Strix is now working on wind park monitoring for birdlife in Egypt, Tunisia, Djibouti and other countries.

https://www.strix.pt/index.php/en/birdtrack
 
The problem with wind turbines and bird and bat collisions does have a solution - though it can be costly, though certainly viable for wind park companies. Here in southwest Portugal, near Sagres a Portuguese company (Strix) has been working over a decade on fine-tuning methods to avoid collisions. The result is, that through many 1,000s of hours of observation and experimenting with radar as an assistance, bird collisons have been avoided completely. They are a great team and I have had the pleasure of working with them over the years on site helping with 100s of days of raptor migration monitoring, power line surveys (from the windpark) and looking for casualties below the turbines.
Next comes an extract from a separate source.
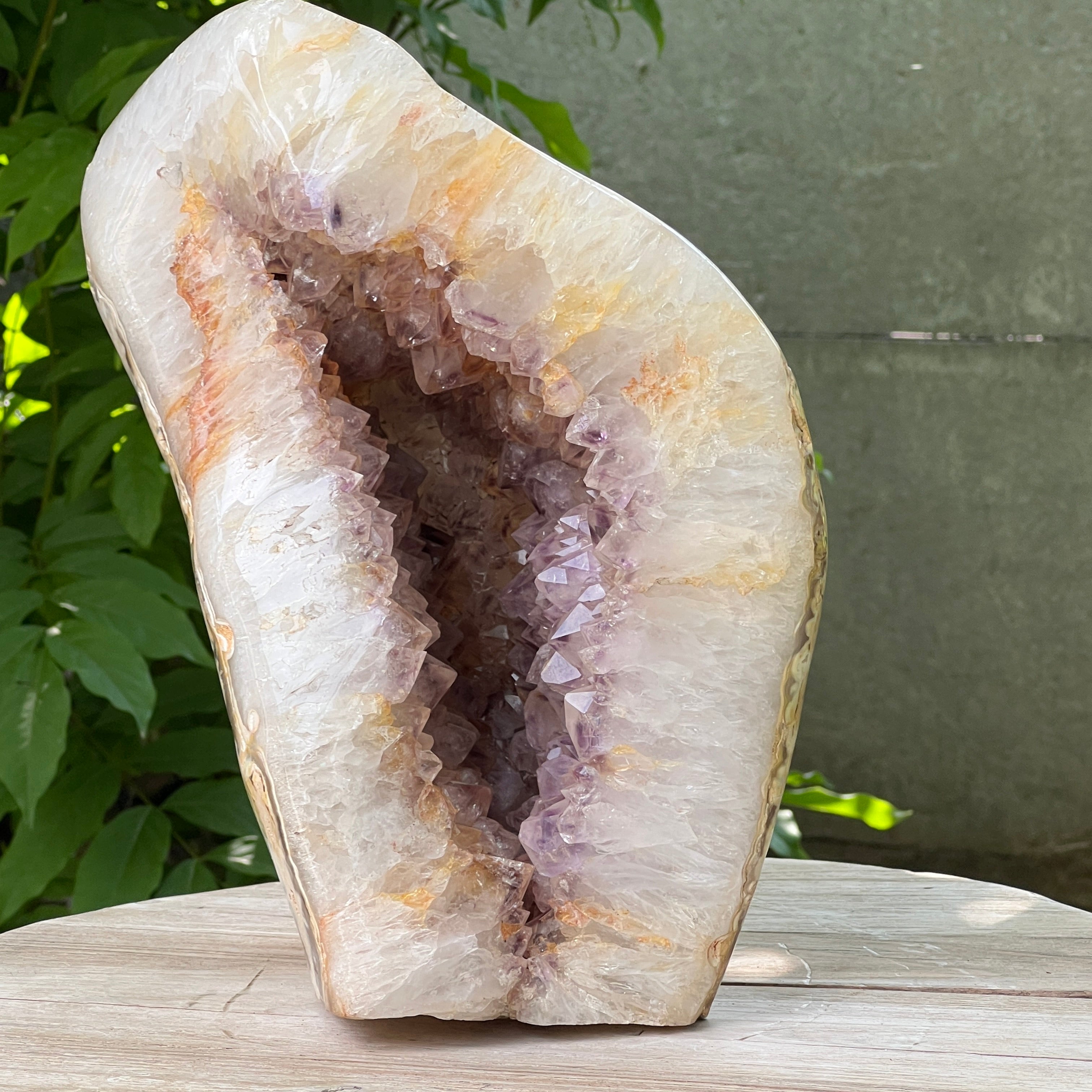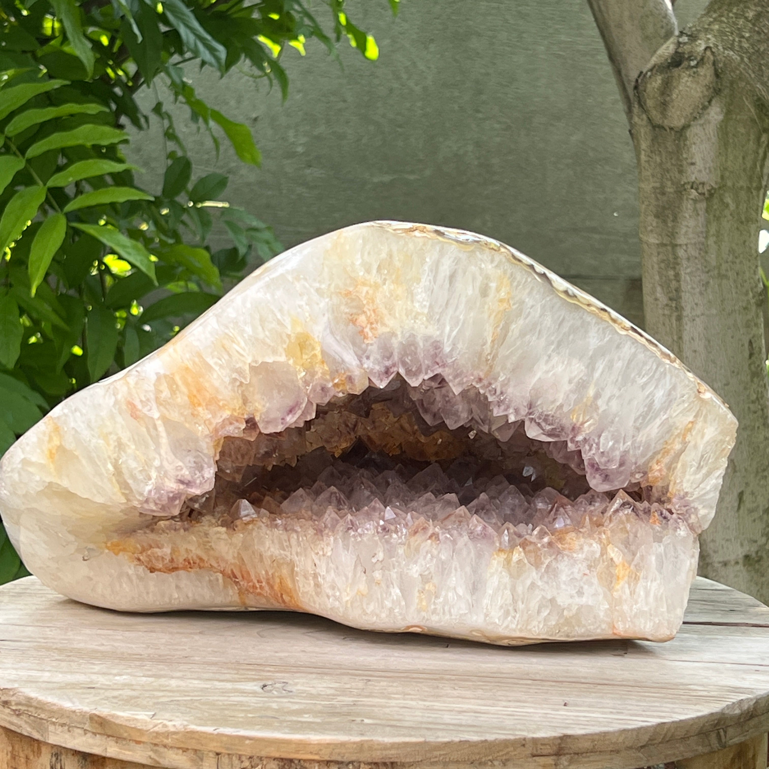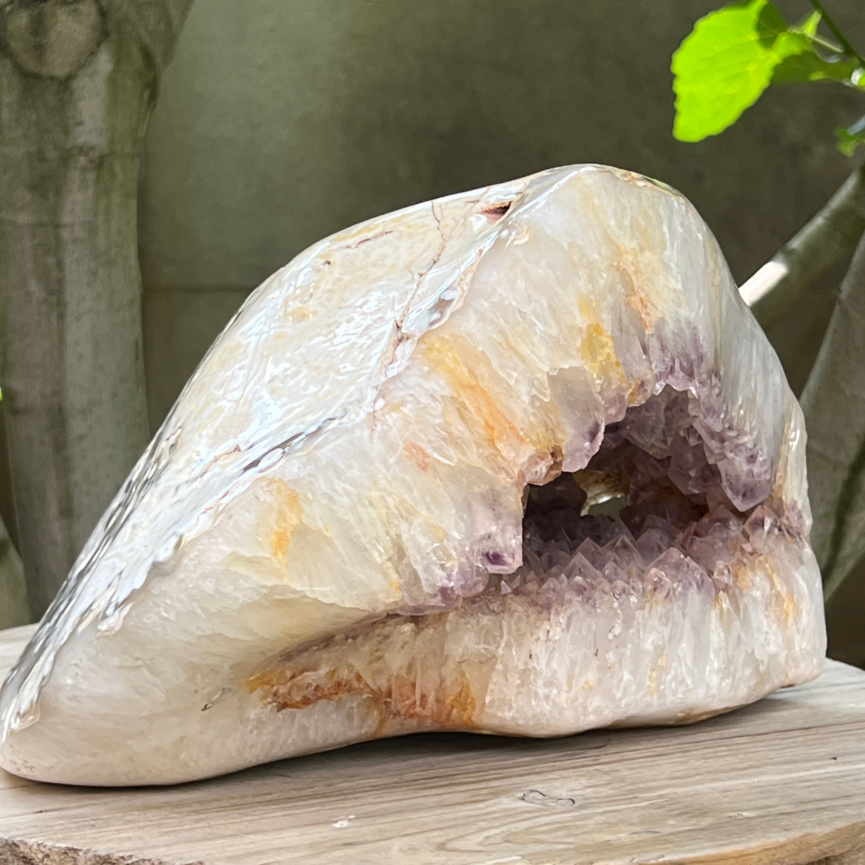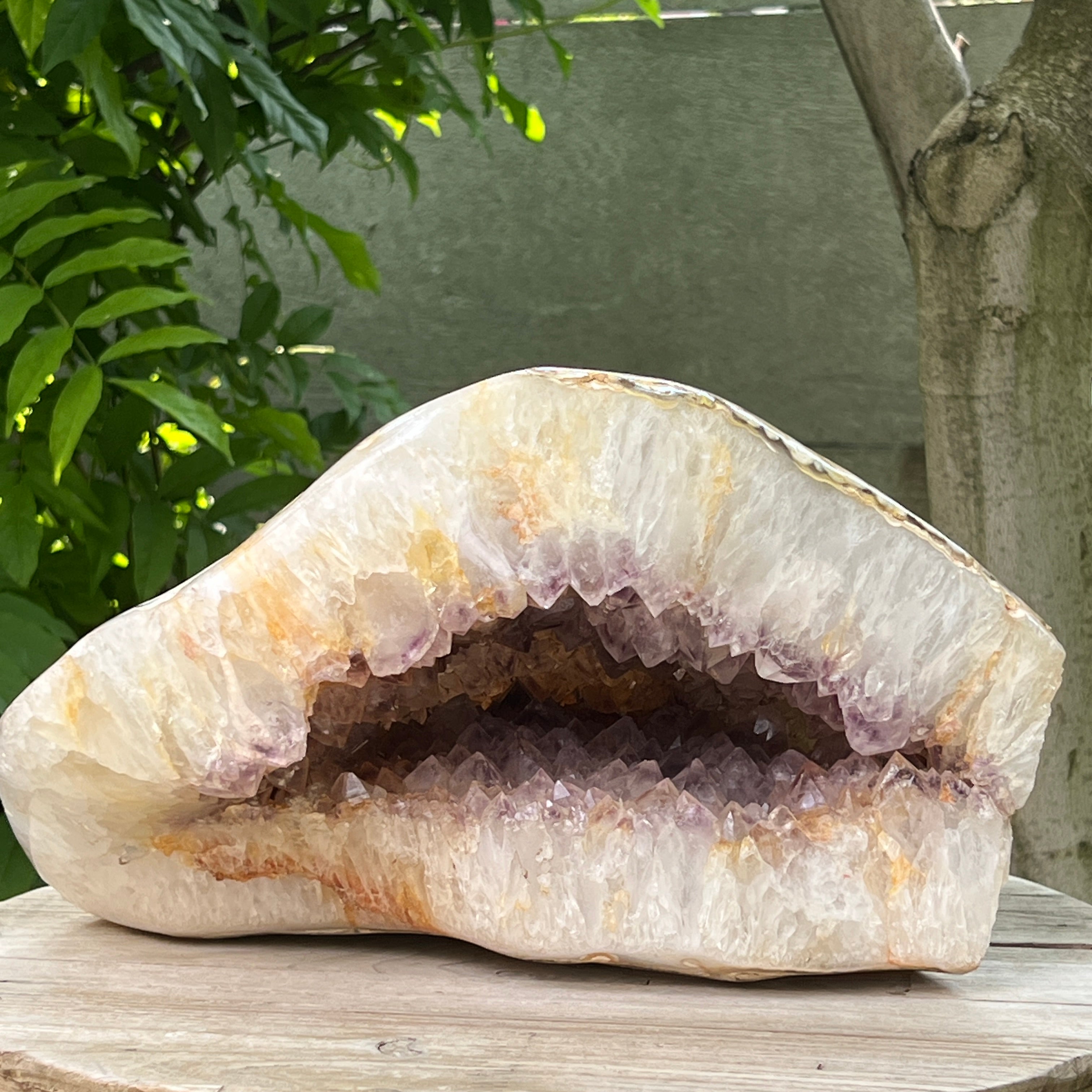 Diese spektakuläre Geode kombiniert das tiefe Geheimnis der Amethysten mit der geschichteten Ruhe des Achates und zeigt einen von Zeit und Energie geschnitzten Naturschatz. Jedes Detail seines versteckten Innenraums - helle Amethystkristalle in violetten Farbtönen - wird durch die feine und stabile Kontur des Achats als Herz hervorgehoben, die durch eine Weisheitsrinde geschützt ist.

Their success has been notable and the system they have in place is raising interest among others working in the environmental part of the wind energy industry. I don't like wind turbines at all - awful things on many levels. Anyway, as they exist, better that some folk are working very hard to find solutions to bird deaths etc.

Strix is now working on wind park monitoring for birdlife in Egypt, Tunisia, Djibouti and other countries.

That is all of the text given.